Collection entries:
========================================

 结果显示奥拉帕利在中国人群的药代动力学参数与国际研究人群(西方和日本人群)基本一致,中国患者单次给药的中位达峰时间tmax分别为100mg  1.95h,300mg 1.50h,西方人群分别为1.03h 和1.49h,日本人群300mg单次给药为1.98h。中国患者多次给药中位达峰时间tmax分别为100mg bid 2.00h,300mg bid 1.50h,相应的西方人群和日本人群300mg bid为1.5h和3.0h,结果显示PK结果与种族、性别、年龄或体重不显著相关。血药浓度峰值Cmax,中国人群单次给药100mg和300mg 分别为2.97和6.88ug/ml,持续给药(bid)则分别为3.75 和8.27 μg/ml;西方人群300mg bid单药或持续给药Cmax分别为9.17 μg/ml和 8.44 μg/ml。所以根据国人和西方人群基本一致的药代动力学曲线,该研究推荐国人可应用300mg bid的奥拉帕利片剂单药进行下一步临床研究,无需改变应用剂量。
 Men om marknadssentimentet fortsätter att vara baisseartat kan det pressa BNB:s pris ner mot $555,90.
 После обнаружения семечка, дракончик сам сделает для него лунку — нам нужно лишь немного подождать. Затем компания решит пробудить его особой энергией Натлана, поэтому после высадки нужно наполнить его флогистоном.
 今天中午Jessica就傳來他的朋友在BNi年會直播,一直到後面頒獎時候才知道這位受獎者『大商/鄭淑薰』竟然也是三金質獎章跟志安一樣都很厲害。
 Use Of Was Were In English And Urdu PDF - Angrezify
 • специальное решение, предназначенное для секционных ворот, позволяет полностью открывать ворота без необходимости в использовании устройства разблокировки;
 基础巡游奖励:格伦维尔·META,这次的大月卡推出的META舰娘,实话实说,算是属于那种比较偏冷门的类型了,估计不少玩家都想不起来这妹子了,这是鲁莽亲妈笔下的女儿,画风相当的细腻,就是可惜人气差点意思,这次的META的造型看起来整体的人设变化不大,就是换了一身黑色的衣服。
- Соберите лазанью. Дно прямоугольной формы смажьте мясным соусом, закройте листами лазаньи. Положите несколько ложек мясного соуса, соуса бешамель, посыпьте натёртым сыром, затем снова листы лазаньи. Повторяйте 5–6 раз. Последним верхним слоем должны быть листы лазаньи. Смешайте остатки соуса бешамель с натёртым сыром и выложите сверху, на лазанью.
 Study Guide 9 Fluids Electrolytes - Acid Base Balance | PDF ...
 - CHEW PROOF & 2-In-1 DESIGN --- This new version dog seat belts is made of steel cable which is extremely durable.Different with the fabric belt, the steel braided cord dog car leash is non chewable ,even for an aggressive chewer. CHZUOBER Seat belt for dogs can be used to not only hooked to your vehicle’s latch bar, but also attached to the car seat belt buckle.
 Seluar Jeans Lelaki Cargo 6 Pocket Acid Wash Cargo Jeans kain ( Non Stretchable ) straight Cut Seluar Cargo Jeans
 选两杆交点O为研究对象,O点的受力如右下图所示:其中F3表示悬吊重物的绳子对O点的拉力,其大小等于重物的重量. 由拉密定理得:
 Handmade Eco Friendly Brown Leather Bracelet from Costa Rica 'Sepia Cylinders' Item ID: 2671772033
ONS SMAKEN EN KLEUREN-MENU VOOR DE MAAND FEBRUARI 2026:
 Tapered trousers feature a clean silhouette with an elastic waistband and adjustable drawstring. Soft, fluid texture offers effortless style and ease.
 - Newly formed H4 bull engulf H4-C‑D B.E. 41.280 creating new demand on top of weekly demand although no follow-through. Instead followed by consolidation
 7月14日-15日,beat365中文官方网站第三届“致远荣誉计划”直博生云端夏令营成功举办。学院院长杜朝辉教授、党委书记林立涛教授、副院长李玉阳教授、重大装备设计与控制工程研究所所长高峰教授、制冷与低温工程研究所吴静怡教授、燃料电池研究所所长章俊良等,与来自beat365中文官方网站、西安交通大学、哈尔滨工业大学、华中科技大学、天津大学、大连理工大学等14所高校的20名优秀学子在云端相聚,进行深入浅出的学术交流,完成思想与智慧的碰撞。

========================================

### WHAT YOU HAVE TO DO
Above are the records; from them, give again exactly the lines from the one containing "- CHEW PROOF" to the one containing "Seluar Jeans Lelaki", both lines included, and nothing more.

### PROBLEM SOLUTION
 - CHEW PROOF & 2-In-1 DESIGN --- This new version dog seat belts is made of steel cable which is extremely durable.Different with the fabric belt, the steel braided cord dog car leash is non chewable ,even for an aggressive chewer. CHZUOBER Seat belt for dogs can be used to not only hooked to your vehicle’s latch bar, but also attached to the car seat belt buckle.
 Seluar Jeans Lelaki Cargo 6 Pocket Acid Wash Cargo Jeans kain ( Non Stretchable ) straight Cut Seluar Cargo Jeans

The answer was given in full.